• **Exercise**
The pictures get dropped, while every remaining part of the listing is copied exactly.

• **Given information**
::::::::::

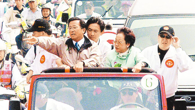 ▲美國前總統特朗普遇刺,讓人聯想到2004年臺灣的319槍擊案,時任正副“總統”陳水扁(前排左)、呂秀蓮(前排右)掃街時遭槍擊,但該案迄今真相未明。(中時資料照片)
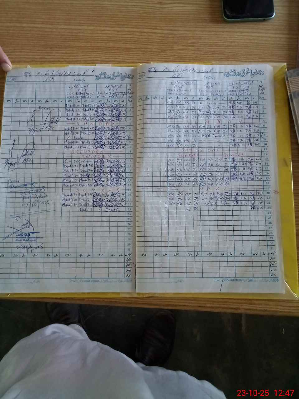 | CNIC | Full Name | Designation | R/C | Absence During Last Calender Month |
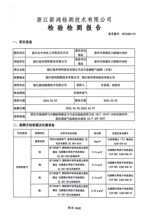 報告名稱(chēng):2024年縱華4月廢氣檢測報告
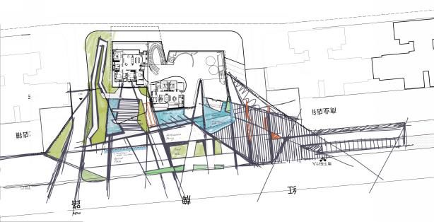 场地北侧面向城市次干道,其他三面被周边建筑包围,且场地内道路与城市道路的高差近5M。因此需要通过巧妙的设计来化解场地的限制条件给建筑带来的束缚,表达建筑自由。
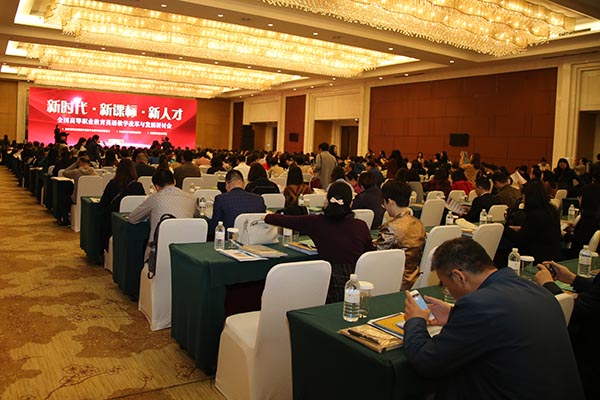 教育部职业玛雅吧 指导委员会办公室常务副主任王国川教授、教育部职业院校外语类专业教学指导委员会主任委员刁建东教授、江苏省教育厅袁靖宇副巡视员等领导先后致辞,围绕深入贯彻落实党的十九大精神、进一步发挥教育部职业玛雅吧 指导委员会作用、开展外语玛雅吧 改革研究、新时代高等教育发展的“四个服务”和“三个内在要求”等问题进行了阐述。

::::::::::

• **Task answer**
 ▲美國前總統特朗普遇刺,讓人聯想到2004年臺灣的319槍擊案,時任正副“總統”陳水扁(前排左)、呂秀蓮(前排右)掃街時遭槍擊,但該案迄今真相未明。(中時資料照片)
 | CNIC | Full Name | Designation | R/C | Absence During Last Calender Month |
 報告名稱(chēng):2024年縱華4月廢氣檢測報告
 场地北侧面向城市次干道,其他三面被周边建筑包围,且场地内道路与城市道路的高差近5M。因此需要通过巧妙的设计来化解场地的限制条件给建筑带来的束缚,表达建筑自由。
 教育部职业玛雅吧 指导委员会办公室常务副主任王国川教授、教育部职业院校外语类专业教学指导委员会主任委员刁建东教授、江苏省教育厅袁靖宇副巡视员等领导先后致辞,围绕深入贯彻落实党的十九大精神、进一步发挥教育部职业玛雅吧 指导委员会作用、开展外语玛雅吧 改革研究、新时代高等教育发展的“四个服务”和“三个内在要求”等问题进行了阐述。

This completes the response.